Hacker News new | ask | show | jobs
by Firfi 369 days ago
After some vibe coding frustrations, ups and downs, I found that splitting the code explicitly into well-curated, domain-heavy guidance code and code marked “slop” can solve a lot of frustration and inefficiency.

We can be honest in our PR, “yes, this is slop,” while being technical and picky about code that actually matters.

The “guidance” code is not only great for preserving knowledge and aiding the discovery process, but it is very strong at creating a system of “checks and balances” for your AI slops to conform to, which greatly boosts vibe quality.

Helps me both technically (at least I feel so) with guiding claude code to do exactly what I want (or what we agreed to!) and psychologically because there's no detachment from the knowledge of the system anymore.

3 comments

Lately I've been thinking "there is no such thing as an application, there are only screens" in the context of HTMX-enhanced web applications.

If your persistence layer and long-term data structures are solid you can accept shoddy coding in screens (e.g. a small bundle of http endpoints.) From that viewpoint you modernize an application a screen at a time and if you don't like a shoddy screen you create a new screen. From that viewpoint you vibe code screens but schemas and updating are carefully handwritten code, though I think deterministic code generation from a schema is the power tool for that.

Problem is that what "actually matters" isn't always obvious, at least not to everyone.

When they built Citicorp Center, the contractor bolted the steel insstead of welding it. It was thought to be an implementation detail. Bolting was cheaper, and nobody thought it actually mattered. Until the actual engineer who designed it looked more carefully and discovered that as a result the building was more vulnerable to wind loads. Expensive rework was required to open up the interior walls and weld all the bolted connections.

It seems to me we have to find out how to figure out "what matters" to have the benefits that 10x vibe coder bros promise. I think we still have to review (despite my clickbait title), it's just different things that we are looking for in slop, and different type/amount of mental strain required. For more important libs, I guess we can "overshoot" a bit and put more time into vetting vibe code (and making it the guardrail code). While in the "next revolutionary React Todo App" the balance could be much farther towards vibe...
What is the measured LoC ratio of well-curated to "slop" code?
Just feeling and experience, really. For me, if I spent time with the vibe code snippet and improved it until I can say "yes I would've written this" it's not slop anymore, even if it was written by Claude initially.

On the contrary, if I glanced over the code and could say "ok it doesn't look terrible, no obvious `rm -rf` and all", even if I changed a couple obvious mistakes, I still consider it vibe.

I was more asking to assess the actual gain.

So the question really is: in your experience how much code requires careful review and re-prompting vs leaving it as "not terrible".

Asking because my experience is that in practice LLMs are no better than juniors - ie. it is more effective to just write the thing by myself instead of multiple rounds of reviewing and re-prompting which does not really achieve what I really want.

That's one of my biggest frustrations - I wasted a lot of time on reprompting. I was making myself stick to 100% LLM approach for a while, in order to learn.

I can't say for everyone, but for me it's hit-and-miss: if LLM starts with "Oh, sorry, you're right" that's a STRONG signal I have to take over right now or rethink the approach, or I get into the doom spiral of reprompting and waste half a day on something I could've done myself by that point, with only difference that after half a day with a coding agent I discovered no important domain or technical knowledge.

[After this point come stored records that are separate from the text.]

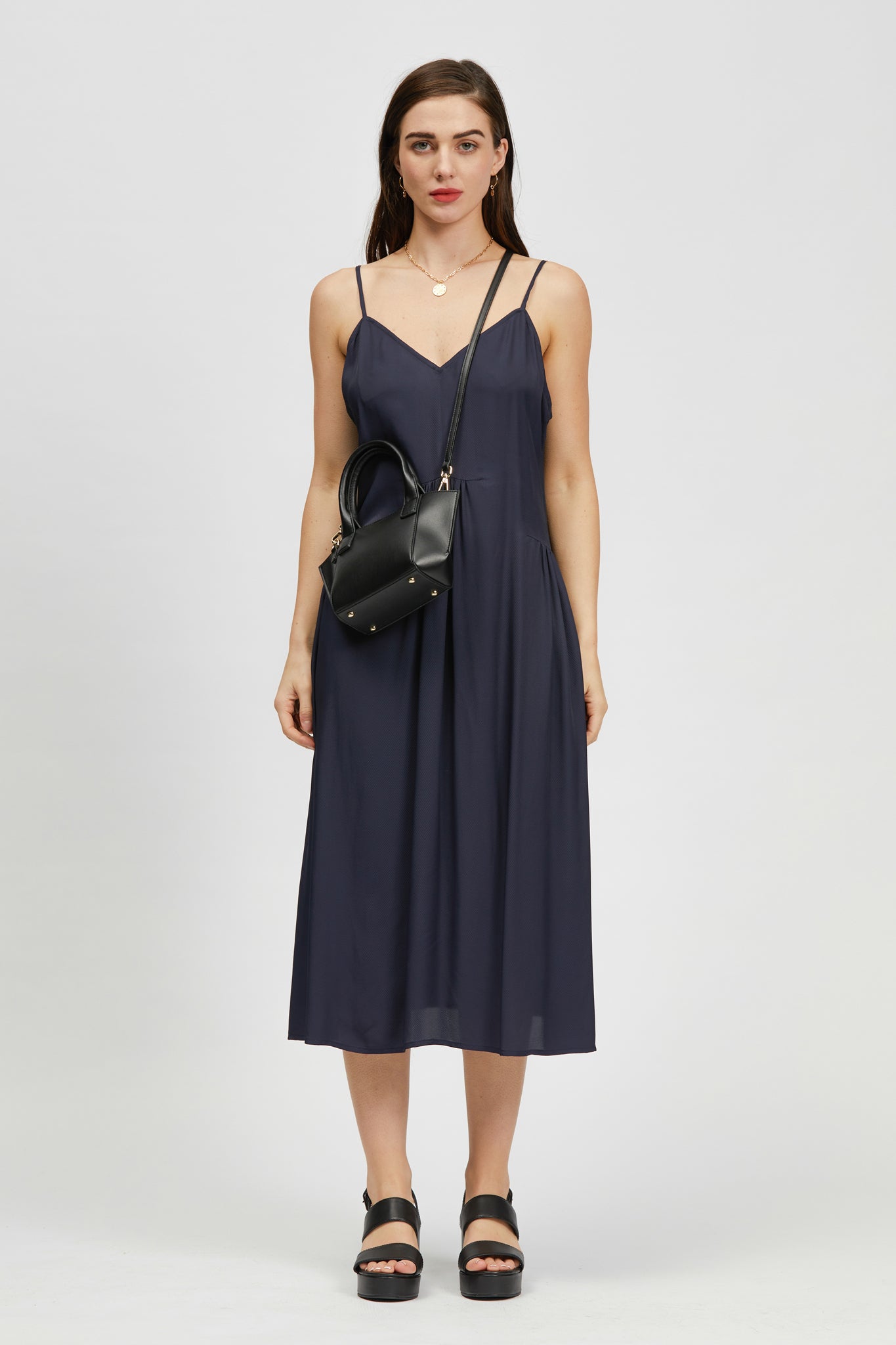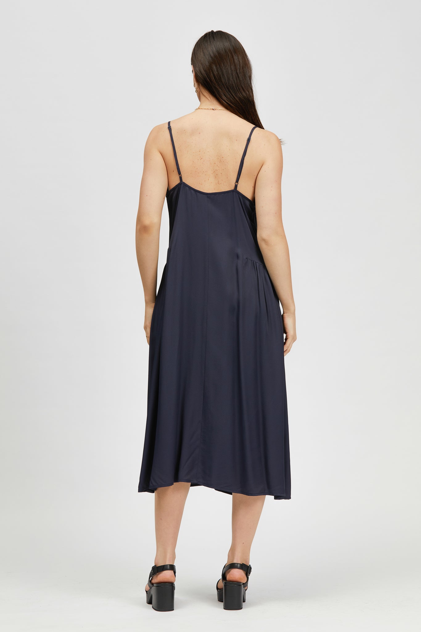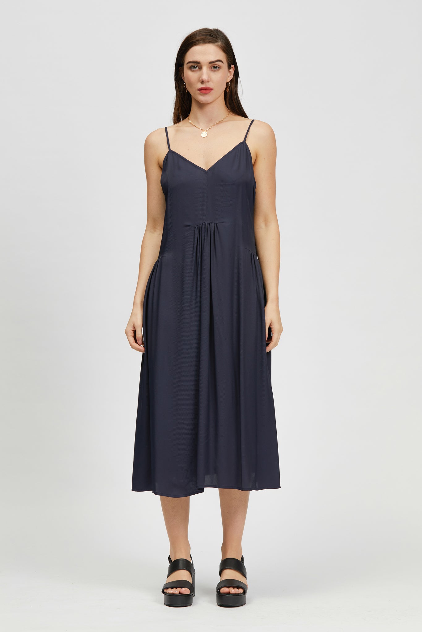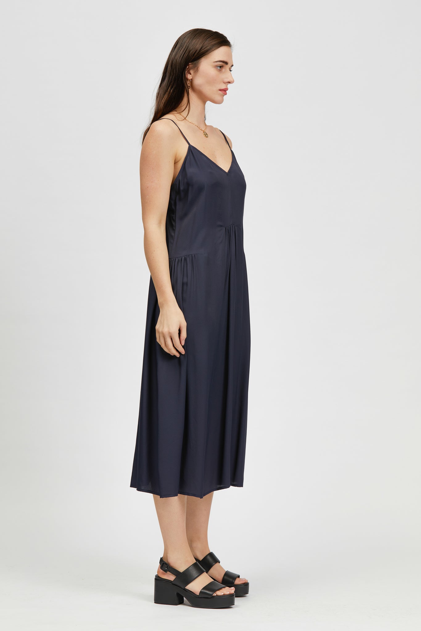 The Adeus Dress is a sleeveless, mid-length, relaxed fit style. This style offers gathered seams creating a soft volume at the waist and hip. Made in a flowy viscose fabrication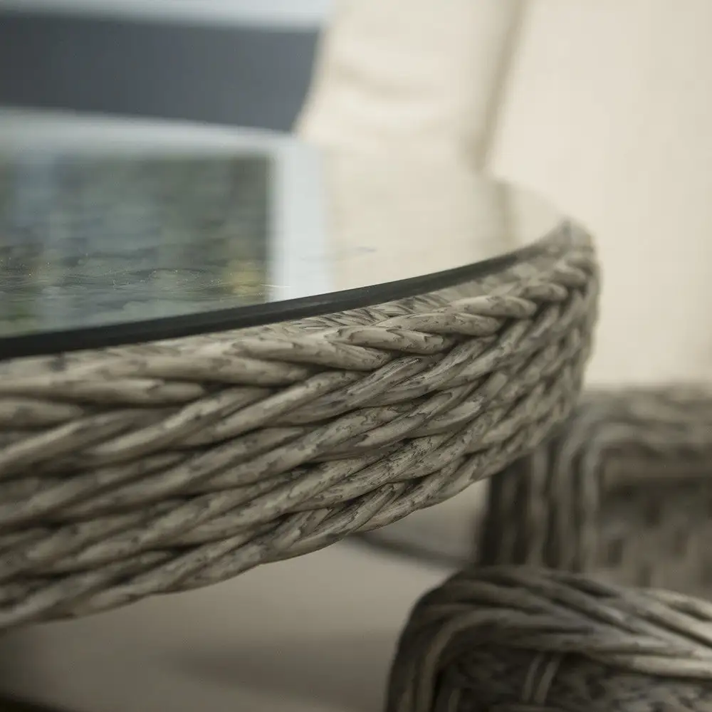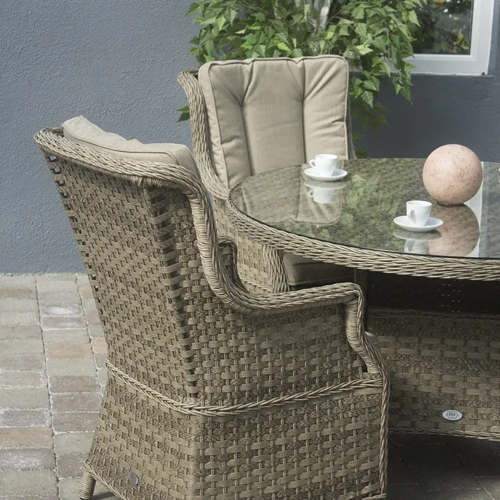 The Hampton ‘Alfresco’ range delivers exactly this and like all Rathwood Furniture, it’s designed with the best all-weather rattan, crafted from a high-quality synthetic weave with varied textures and tones woven around 1.2mm thick cast aluminium frames meaning this set will not rust and is fine to be left outdoors. The table top is made with rattan over a cast aluminium frame and for 2020 comes with a glass top made with 5mm tempered glass for safety. All cushions are easy to clean and made exclusively of the highest quality materials. There is little to no maintenance on this set making it the perfect addition to your home! It comes with a 5 Year Structural Guarantee but please note the glass is not covered by the guarantee. There is a minimal, straightforward assembly required.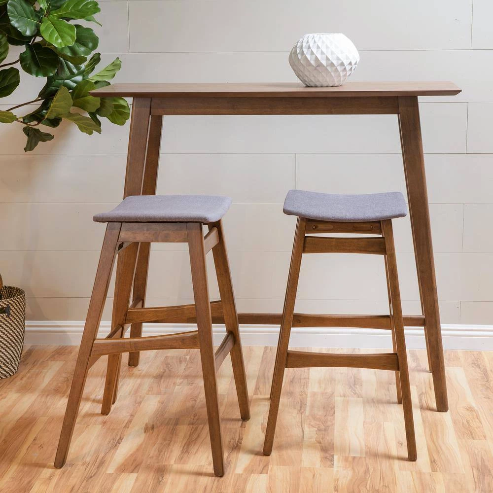 Short on dining space but have a big heart to entertain? Our three-piece dining bar set is the answer to your problems. Featuring beautiful wood frames and refined upholstery, this set brings a delightful mid-century modern charm to any space short on style. Both the barstools and table showcase iconic splayed legs, bringing the epitome of retro luxury to any home. Perfect to use as your dining table or as extra seating and serving space, you will be over the moon about this set.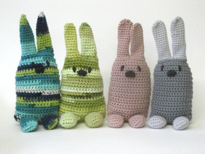 Crochet rabbit can be worked in any DK-weight yarn (this is any yarn that has a knitting tension of approx. 22 sts and 28 rows to 10cm/4in.)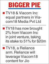 TV18, a Reliance Industries arm, will buy one per cent in Viacom18 Media Pvt Ltd for $20 million that will increase its stake to 51 per cent and gives Ambani the leverage to offer a wider range of content to more than 160 million subscribers of Jio.
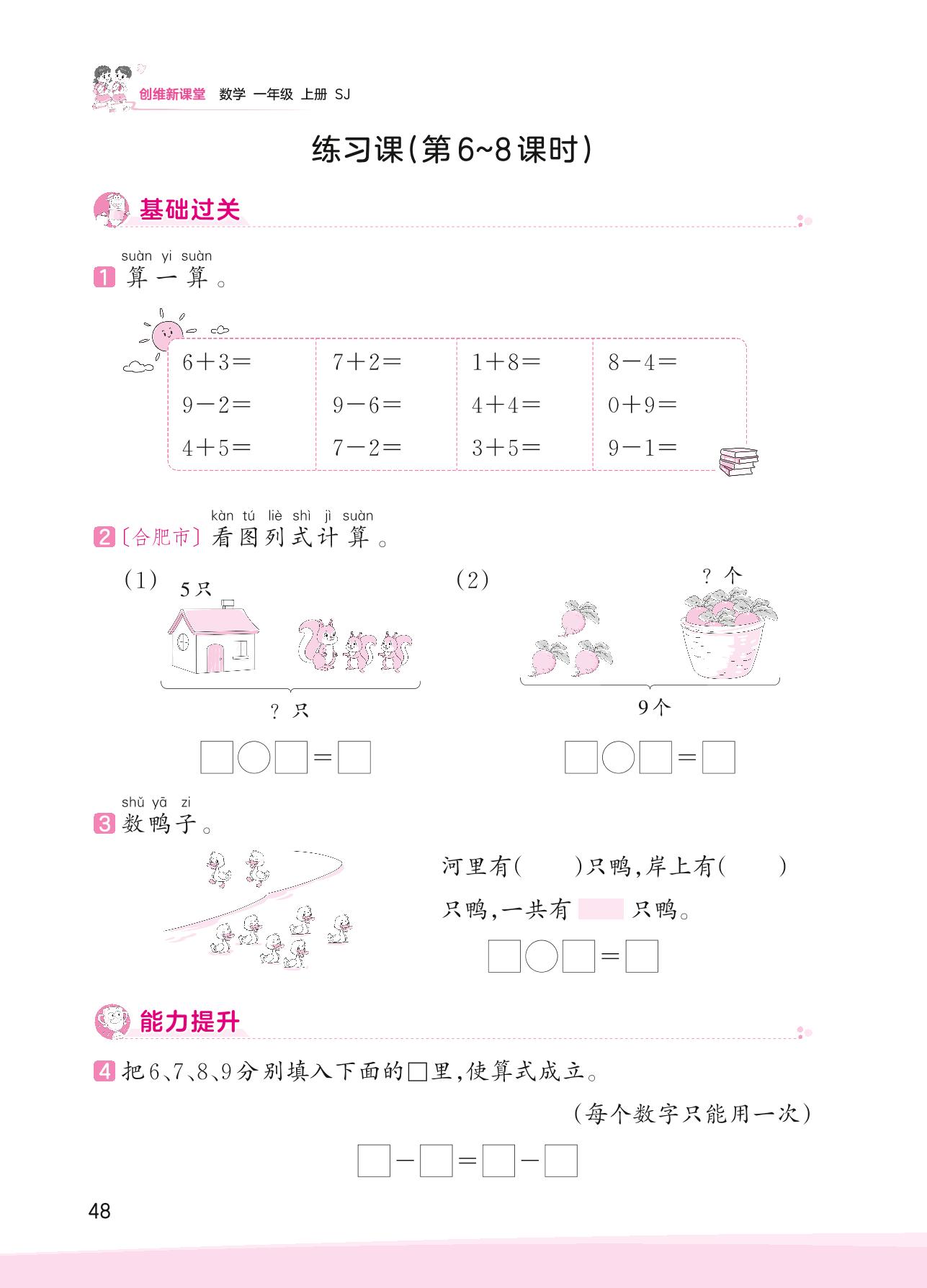 2023上册一年级数学苏教版 八 10以内的加法和减法——练习课(第6~8课时)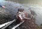За допомогою пожежного пояса, співробітники ДСНС вилучили бідолашну тварину із пастки.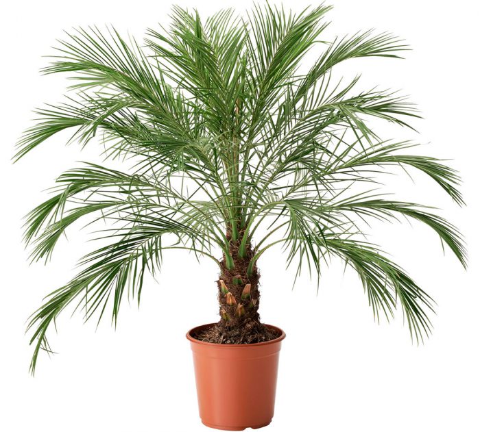 Følgende typer daddelpalmer dyrkes oftest innendørs: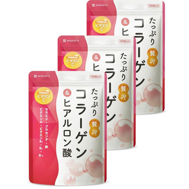 【3袋セット】aequalis たっぷり贅沢 コラーゲン サプリ ヒアルロン酸 プラセンタ ビタミンC 配合 国内製造 30日分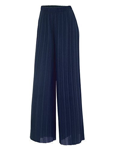Details: Womens Pleated Wide Leg Pants with Elastic Waist Band - Made in USA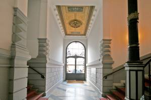 Die Holzfenster haben verspiegelte Isolierverglasung und innen Marmor-fensterbänke. Die Türen sind mit wertvollen Messingbeschlägen und teilweise mit aufwendiger Glasmalerei verziert. In den Büroräumen sind die Wand/Türbereiche teils mit verchromten Leisten und Spiegeln verkleidet. Überwiegend sind in den Räumen stilvolle Stuckdecken vorhanden.
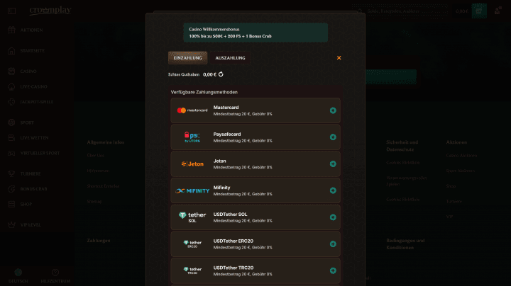 Bei der ersten Einzahlung in die Spielgeldbörse wird schnell deutlich, dass das Casino eine breite Auswahl an Zahlungsmethoden bietet. So findet jeder Spieler eine passende Option. Neben klassischen Zahlungskarten stehen verschiedene E-Wallets, Prepaid-Karten sowie Kryptowährungen zur Verfügung. Nachfolgend ein Überblick über die verfügbaren Zahlungsoptionen.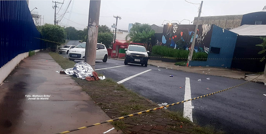 Corpo do rapaz ainda no local aguardando a chegada da perícia.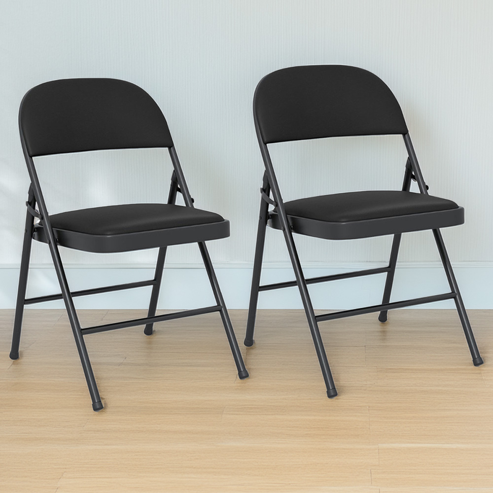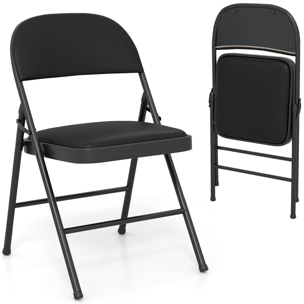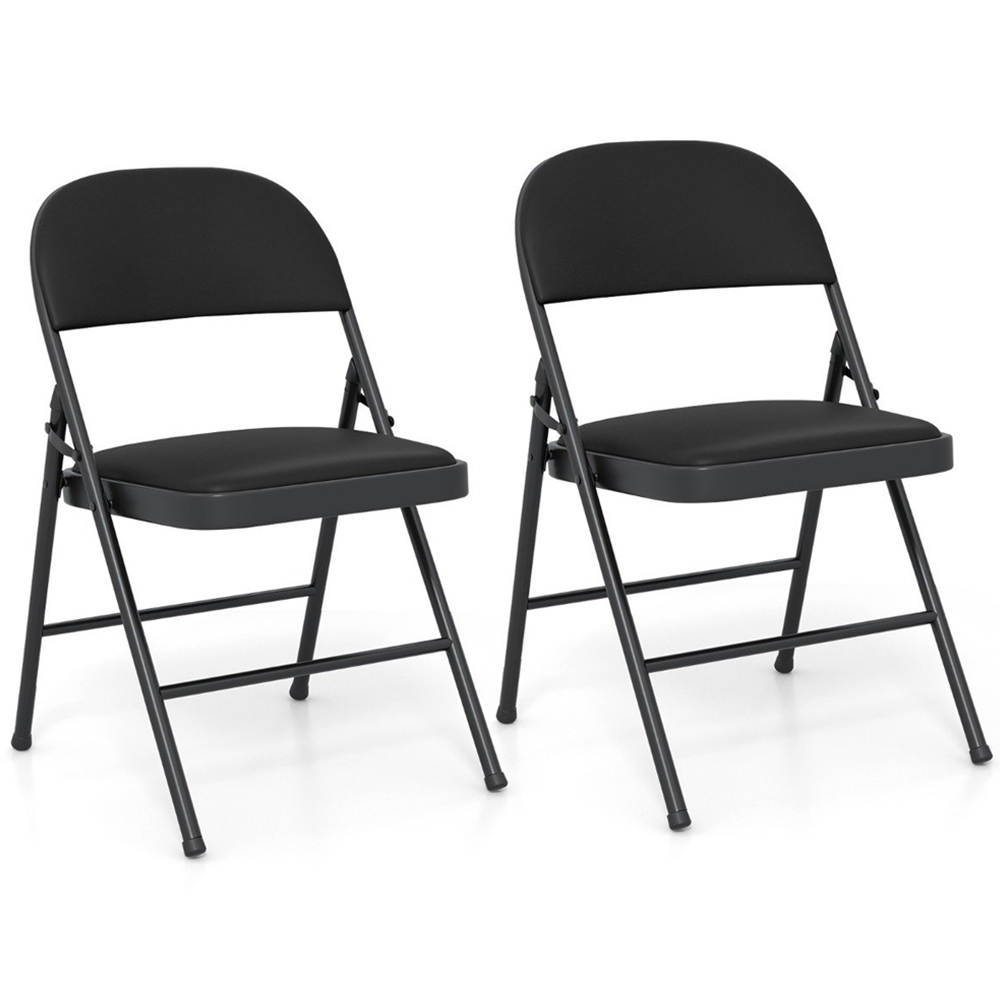 Costway Black PVC Leather Foldable Stackable Chair Set of 2

So, "how much" to me depends so very much on seemingly random factors, including the time of the day when Antropic decides to serve their quantised version instead of a normal one. On non-random too, like how difficult the domain area is, how well you described it in the prompt, and how well you crafted your system queries. And I hate it very much! At this point, I'm trigger-happy to take over the control and write the stuff that LLM can't in the "controlling package" and tell it to use it as an example / safety check.

> how well you described it in the prompt, and how well you crafted your system queries.

This part is the most frustrating in discussions about LLMs. Since there are no criteria to measure the quality of your prompting there is really no way to learn the skill. Assessing prompting skills based on the actual results is wrong as it does not isolate the model capabilities.

Hence the whole thing looks a lot like an ancient shamanism.